A few months ago I was walking through a mall here with a straight male American friend. He checked out every woman walking by that he felt like; I kept looking straight forward. When we got home, he asked me why I wasn't checking out the guys like he had the women.

I don't know what I said in response, but for a good while I thought that it must have had something to do with a fear of violence. Growing up in ex-urban Indiana, homophobia is present enough to make me know my place in public.

When I was 14 I ran cross-country on the school's team (don't worry, yours truly made up for that athleticism by being horrid at it). It wasn't like that, we were all too nerdy to shower after practice, but one rainy and muddy day when we were supposed to hit the weight room afterwards, Coach made us all....

And I stared. Lengthily. Obviously. Horribly. What else could I have done? I was 14, and cross-country running does a body good.

I learned my lesson well after that from the others there.

Which reminds me of another time, on a train a few years ago with my brother when we were going out to his place in Germany from Paris. A (probably French) man was staring at him on the train. I doubt the guy was checking out my brother at all; it was a far more vacant stare. And my brother got angry - he wanted to go over and talk some sense into that guy.

I just thought he was strange.

But all this talk about staring has gotten me to thinking about how violating someone's personal space like that is an attack. Tim Hardaway's comments from last year about how he didn't want to be on the same team as someone because he'd be "worried" about what would happen in the locker room comes to mind.

What was he worried about? Did he actually think that a gay man would physically attack another man in a locker room with some thirty other people around, mostly in great shape, sometimes with cameras? Are we that strong in their imaginations?

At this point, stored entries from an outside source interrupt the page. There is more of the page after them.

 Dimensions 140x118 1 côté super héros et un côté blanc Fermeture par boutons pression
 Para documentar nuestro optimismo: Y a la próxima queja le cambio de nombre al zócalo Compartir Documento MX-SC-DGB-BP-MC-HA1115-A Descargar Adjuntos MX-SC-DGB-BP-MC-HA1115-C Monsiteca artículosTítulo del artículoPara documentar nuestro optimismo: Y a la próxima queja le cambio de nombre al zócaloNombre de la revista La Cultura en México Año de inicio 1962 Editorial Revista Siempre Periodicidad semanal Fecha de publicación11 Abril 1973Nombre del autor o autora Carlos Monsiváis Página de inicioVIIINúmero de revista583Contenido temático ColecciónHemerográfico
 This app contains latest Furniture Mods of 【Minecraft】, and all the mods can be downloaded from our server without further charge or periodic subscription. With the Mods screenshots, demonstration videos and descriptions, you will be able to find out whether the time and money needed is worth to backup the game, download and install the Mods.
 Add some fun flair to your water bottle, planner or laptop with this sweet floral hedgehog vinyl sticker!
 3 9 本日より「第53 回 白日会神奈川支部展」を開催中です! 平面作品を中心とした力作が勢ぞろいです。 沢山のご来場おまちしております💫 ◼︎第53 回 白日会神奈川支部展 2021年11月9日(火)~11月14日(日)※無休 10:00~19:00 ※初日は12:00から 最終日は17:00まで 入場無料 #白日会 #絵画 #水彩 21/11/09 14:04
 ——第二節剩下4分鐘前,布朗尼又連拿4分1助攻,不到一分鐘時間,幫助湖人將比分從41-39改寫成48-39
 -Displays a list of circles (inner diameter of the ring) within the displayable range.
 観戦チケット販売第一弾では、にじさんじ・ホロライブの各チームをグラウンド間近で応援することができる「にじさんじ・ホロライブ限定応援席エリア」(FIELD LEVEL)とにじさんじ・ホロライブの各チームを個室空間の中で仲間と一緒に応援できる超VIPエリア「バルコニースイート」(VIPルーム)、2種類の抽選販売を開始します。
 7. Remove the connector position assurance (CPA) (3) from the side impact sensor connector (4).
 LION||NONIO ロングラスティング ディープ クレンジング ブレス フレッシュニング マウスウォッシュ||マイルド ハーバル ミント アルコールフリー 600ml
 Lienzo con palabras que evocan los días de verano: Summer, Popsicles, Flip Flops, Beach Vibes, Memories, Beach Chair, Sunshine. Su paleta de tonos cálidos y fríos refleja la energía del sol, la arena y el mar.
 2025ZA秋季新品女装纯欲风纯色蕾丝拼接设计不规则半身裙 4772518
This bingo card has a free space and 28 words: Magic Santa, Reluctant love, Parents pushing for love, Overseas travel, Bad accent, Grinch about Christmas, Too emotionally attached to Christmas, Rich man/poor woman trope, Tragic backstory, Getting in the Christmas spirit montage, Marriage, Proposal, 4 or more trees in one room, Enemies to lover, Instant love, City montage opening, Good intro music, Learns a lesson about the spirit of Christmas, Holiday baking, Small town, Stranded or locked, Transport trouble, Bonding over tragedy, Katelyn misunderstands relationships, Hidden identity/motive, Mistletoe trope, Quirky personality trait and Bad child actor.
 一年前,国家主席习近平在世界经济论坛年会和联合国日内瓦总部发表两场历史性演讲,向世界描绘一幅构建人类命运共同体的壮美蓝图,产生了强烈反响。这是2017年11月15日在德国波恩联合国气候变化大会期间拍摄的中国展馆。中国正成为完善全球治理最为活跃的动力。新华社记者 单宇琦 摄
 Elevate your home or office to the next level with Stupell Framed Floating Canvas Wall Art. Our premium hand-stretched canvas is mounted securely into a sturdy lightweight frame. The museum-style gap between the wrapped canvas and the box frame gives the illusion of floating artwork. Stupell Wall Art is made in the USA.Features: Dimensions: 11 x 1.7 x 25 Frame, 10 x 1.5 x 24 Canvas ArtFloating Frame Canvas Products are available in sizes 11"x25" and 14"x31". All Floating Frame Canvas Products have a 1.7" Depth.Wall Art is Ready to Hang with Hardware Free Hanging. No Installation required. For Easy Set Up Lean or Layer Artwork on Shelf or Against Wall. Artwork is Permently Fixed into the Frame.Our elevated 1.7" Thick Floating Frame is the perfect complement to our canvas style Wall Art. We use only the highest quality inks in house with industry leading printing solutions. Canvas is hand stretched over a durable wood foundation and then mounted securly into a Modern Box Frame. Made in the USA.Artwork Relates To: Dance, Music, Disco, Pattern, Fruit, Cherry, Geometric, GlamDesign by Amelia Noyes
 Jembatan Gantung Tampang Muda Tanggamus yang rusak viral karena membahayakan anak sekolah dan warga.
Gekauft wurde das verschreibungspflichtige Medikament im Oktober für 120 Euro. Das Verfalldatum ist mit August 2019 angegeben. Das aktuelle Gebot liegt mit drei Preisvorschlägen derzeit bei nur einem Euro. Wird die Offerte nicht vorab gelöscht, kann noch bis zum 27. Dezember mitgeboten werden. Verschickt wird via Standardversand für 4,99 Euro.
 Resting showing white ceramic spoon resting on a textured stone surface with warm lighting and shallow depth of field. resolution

I would say that the gaze is in fact that strong, and that's why men learn at a young age not to stare at each other in public. As Vincent puts it:

But that wasn't quite all there was to it. There was something more than plain respect being communicated in their averted gaze, something subtler, less direct. It was more like a disinclination to show disrespect. For them, to look away was to decline a challenge, to adhere to a code of behavior that kept the peace among human males in certain spheres just as surely as it kept the peace and the pecking order among male animals. To look another male in the eye and hold his gaze is to invite conflict, either that or a homosexual encounter. To look away is to accept the status quo, to leave each man to his tiny sphere of influence, the small buffer of pride and poise that surrounds and keeps him.
I surmised all of this the night it happened, but in the weeks and months that followed I asked most of the men I knew whether I was right, and they agreed, adding usually that it wasn't something they thought about anymore, if they ever had. It was just something you learned or absorbed as a boy, and by the time you were a man, you did it without thinking.

I don't remember ever actively learning something like that, but I think it goes a long way to answering my friend's question. And maybe he should learn to stop staring.